Keepassxc: SSH keys storage

I agree with this idea, although I have no idea where to start since I am not familiar with how ssh-agent or pageant actually does what it does. There is also a security implication in this that should be handled similar to the HTTP plugin. Only a registered/authorized accesser should be allowed to pull the keys.

I strongly disagree. Why do you want to store private keys in your password manager?
Do you want only one password for everything? Then why do you use a password manager in the first place?
A common use-case is to share your password database between multiple computers, but you do not want to share your private keys do you?

Because I have several keys, and I use them on around 3 different computers, having them in a database that I can sync is useful.
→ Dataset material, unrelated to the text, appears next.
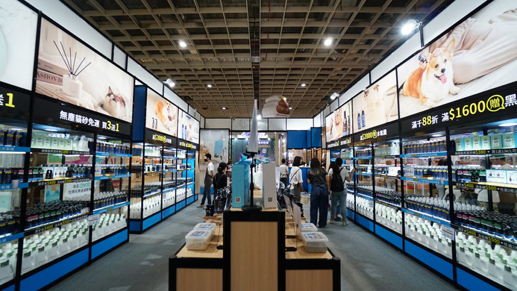 空間以兩條走道貫穿,讓飼主方便以推車攜帶寵物進場,寬敞走道容納多人選購,即使牽繩遛寵物也不受影響,展區外大面積透版設計,加上整齊商品陳列,吸引飼主入內選購。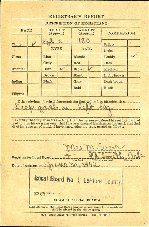 Arthur registered or the draft on June 30, 1942 in Sebastian Co., Ar.

Like @nelsongraca, I also have several keys for different access type for different environment (prod vs dev) and this on multiple devices… So I disagree about the fact that we "should not share" private key between device. IMO, the private key serve the same purpose as a password (ie. authenticating you on an asset).
Centralizing private keys in a password manager will help managing this kind of credentials nightmare which lead to the usual "one key for all access". If we step back a bit, it will appear that is exactly the same concern that push us to use a password manager in the first place (ie. avoiding the "one password for all authentications")

@rockihack, as any other feature, if you don't feel this is secure enough for you to use it in your context, you should avoid using it. As always with security, every one have to do there own risk assessment. In my case (and probably for any person working in a place with proper identity and access management), it will be a more secure way to manage private keys.

You can already store SSH Key in KeePassXC: open the ~/.ssh/id_rsa file (or your SSH file) and copy all the content in a entry's custom attribute.

Here we are discussing adding an ssh-agent to provide those keys directly from KeePassXC.
IMHO it doesn't have much utility since you can save them and import them in your System's default agent.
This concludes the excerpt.